Down valuations explained

A down valuation is a process lenders use during the application process which involves an independent surveyor assessing the value of a property. If the surveyor decides that the home is not worth the amount the buyer is offering, then the lender will use this lower amount as their basis for lending and may not lend as much money.

To help you better understand the nature of down-valued properties from both a buying and selling perspective, we've gathered some helpful information and advice on the topic in this article for you.

What are down valuations?

A down valuation means that even if a price is agreed upon between a buyer and a seller, there’s still a chance that a mortgage lender won’t agree to lend the money due to an overly conservative approach.

Down valuation advice for buyers includes:

●  Negotiating after down valuation

You may be able to negotiate with the seller again if you’re not happy with the newly agreed value of the property.

●  Challenge down valuations

If there are any discrepancies between the surveyor's report and the actual condition of the property you can dispute it directly or by using a claims management company.

●  Choose a different mortgage

A different type of mortgage might offer better terms that will compensate for any shortfall created by a down valuation.

●  Try a different lender

Some lenders may be more willing to lend at higher amounts than others.
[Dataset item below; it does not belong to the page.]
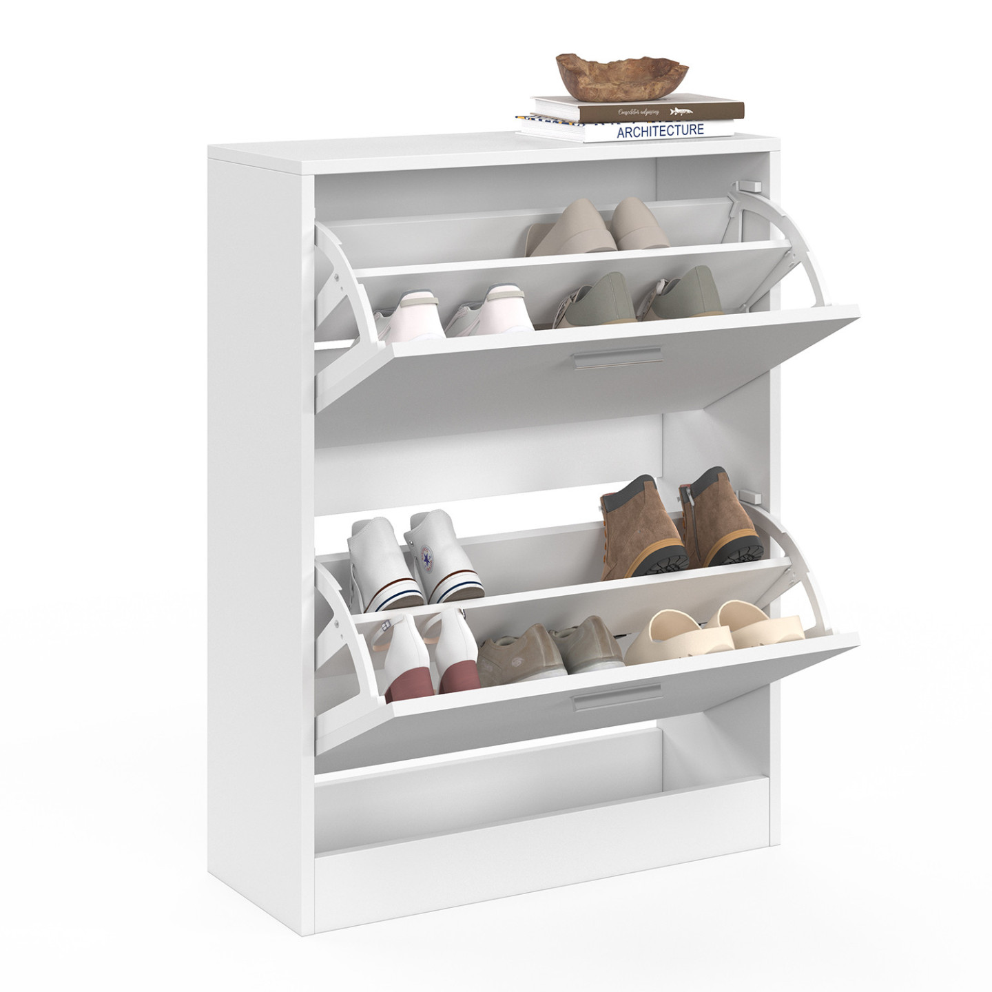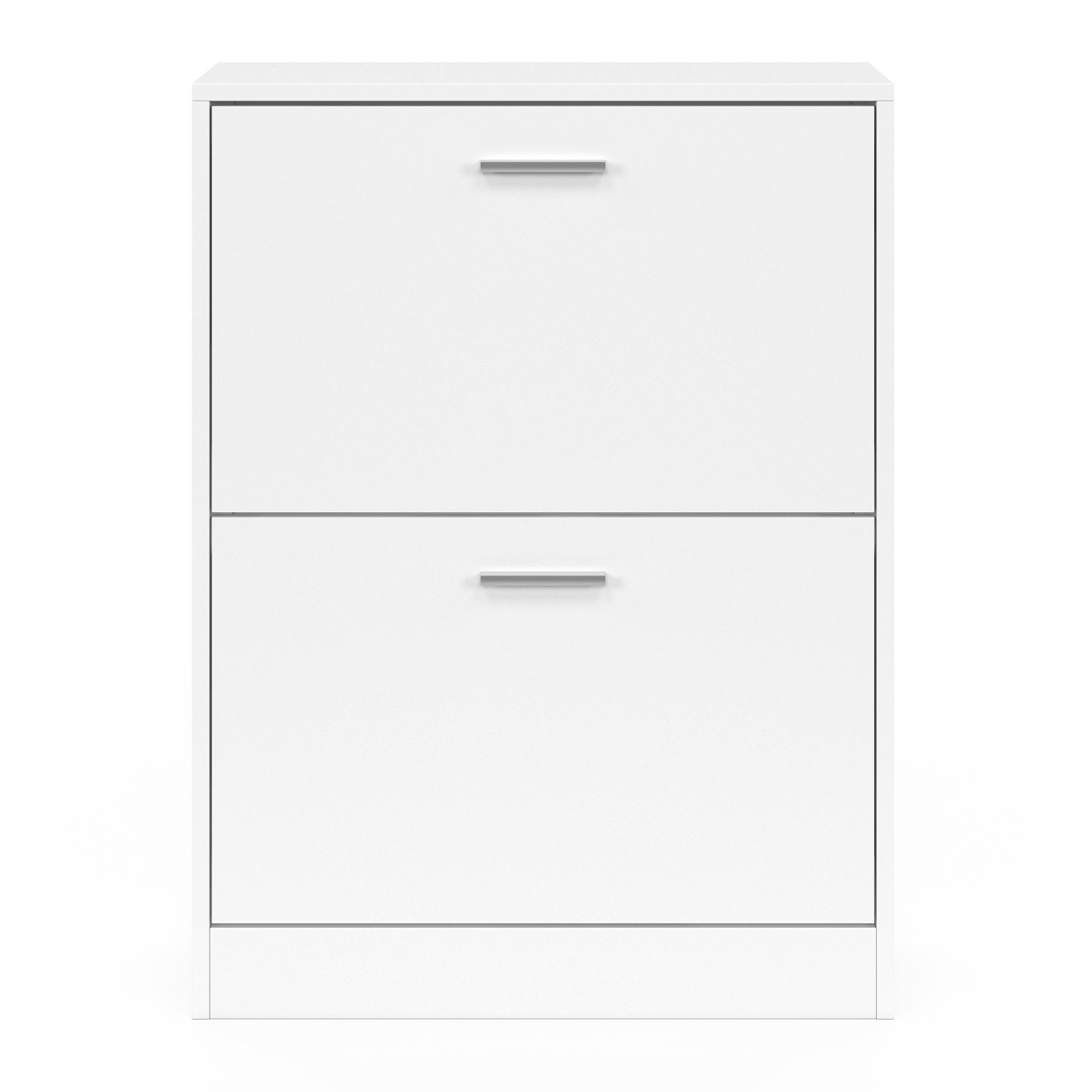 Gagnez de l'espace et du temps dans votre maison, dans votre entrée grâce à notre meuble à chaussures 2 portes blanc. Ce meuble à chaussures s'adaptera parfaitement à votre intérieur grâce à son design fonctionnel, chic et tendance !Ce meuble d'appoint est composé de 2 portes, 2 espaces de rangement. Il optimise et habille tout type de couloir, d'entrée de façon moderne et fonctionnelle ! La structure de ce meuble en panneaux de particules de bois vous garantit solidité et robustesse.Ouvrez chaque espace de rangement à l'aide de la poignée.Ce meuble vous offre une grande capacité de rangement car il peut contenir jusqu'à 12 paires de chaussures (6 paires par espace de rangement).Chaque espace de rangement possède une planche séparant les paires de chaussures modulables. 4 patins sont offerts pour ce meuble.Facile à monter.Pour éviter tout risque de basculement, il est recommandé de le fixer au mur.Dimensions du meuble à chaussures 2 portes blancDimensions globales : Longueur 60 cm x largeur 24 cm x Hauteur 80 cmDimensions portes : L. 59,5 x l. 24,5 cmMatériaux : Panneaux de particules (PB)Coloris : blancNombre de paires par tiroir : environ 6 (12 au total)À monter soi-mêmeModèle disponible en différents coloris sur notre boutique en ligne :- Meuble à chaussures 2 portes blanc- Meuble à chaussures blanc 2 portes grises- Meuble à chaussures imitation hêtre 2 portes blanchesRetrouvez toute notre gamme de meuble à chaussures sur notre boutique en ligne !

Down valuation advice for sellers

Down valuation advice for sellers is more limited due to their lack of control over the situation. However, if you do receive a down valuation, it can be beneficial to speak with your estate agent about any offers that are below what was originally agreed. That way, you will know whether or not it’s worth considering an offer to move on from the transaction quicker and avoid further delays to the sale of the property.

Down valuations can also affect a remortgage, as lenders may not be willing to lend against a property that has been down valued. Should this happen, you may want to consider other options such as switching your mortgage provider or renegotiating the terms of your existing remortgage.

How to avoid a down valuation

If you’d prefer to avoid a down valuation altogether, it is important to have the property in question valued at the start of the buying or selling process.

Researching comparable properties and speaking with estate agents can give you a better idea of what price range the property should fall within and help reduce the chances of a down valuation. For buyers, this strategy can also be helpful when purchasing new build properties since these are often subjected to more conservative valuations.

Overall, understanding what a down valuation is and how to mitigate its effects can be key when buying or selling a home. In addition, valuing your house via an experienced agent, before agreeing on an offer, can help reduce the risk of getting down valued by the lender and help keep the sale of the home moving.